The roles of platelets besides those in thrombosis and hemostasis have long been neglected, but today we know that they also contribute to inflammation during sepsis, thrombo-inflammation, atherosclerosis and stroke. In most of these cases, platelets present themselves as a most versatile actor: They can form complexes with neutrophils and enhance their phagocytosis, ROS production and NET formation capacity, encase bacteria on the surface of KCs to assist with their destruction or confront pathogens on their own by acting like a wannabe-phagocyte.

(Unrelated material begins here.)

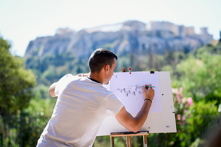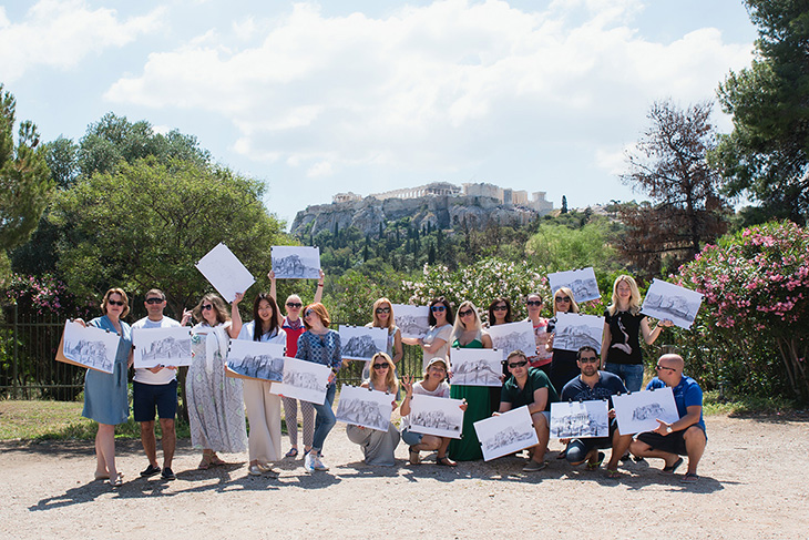 Первые творческие шаги турагентов-живописцев начались с создания рисунка карандашом, а в качестве объекта изображения выступила визитная карточка Греции – древний Акрополь.

First reports of platelets aggregating around bacteria are more than 100 years old; however, only recently we have started to understand the complex interplay between platelets and the cells of the innate immune response during inflammation and infection. Platelets interact with bacteria by direct interactions between platelet receptors and proteins on the bacterial surface. Upon activation platelets release a plethora of factors, for example microbicidal agents but also factors that modulate the innate immune response.

NET formation by neutrophils is a powerful tool to capture and destroy bacteria and it has become clear that platelets critically contribute to this process. A very new concept is that platelets assist in bacterial clearance in the liver through KCs and the complement system, and we will probably see a lot of exciting new findings in this field in the near future.

Another emerging role for platelets is in maintaining vascular integrity during inflammation through an organ-specific process that is independent of classical activation and involves platelet receptors as well as the content of α- and dense granules.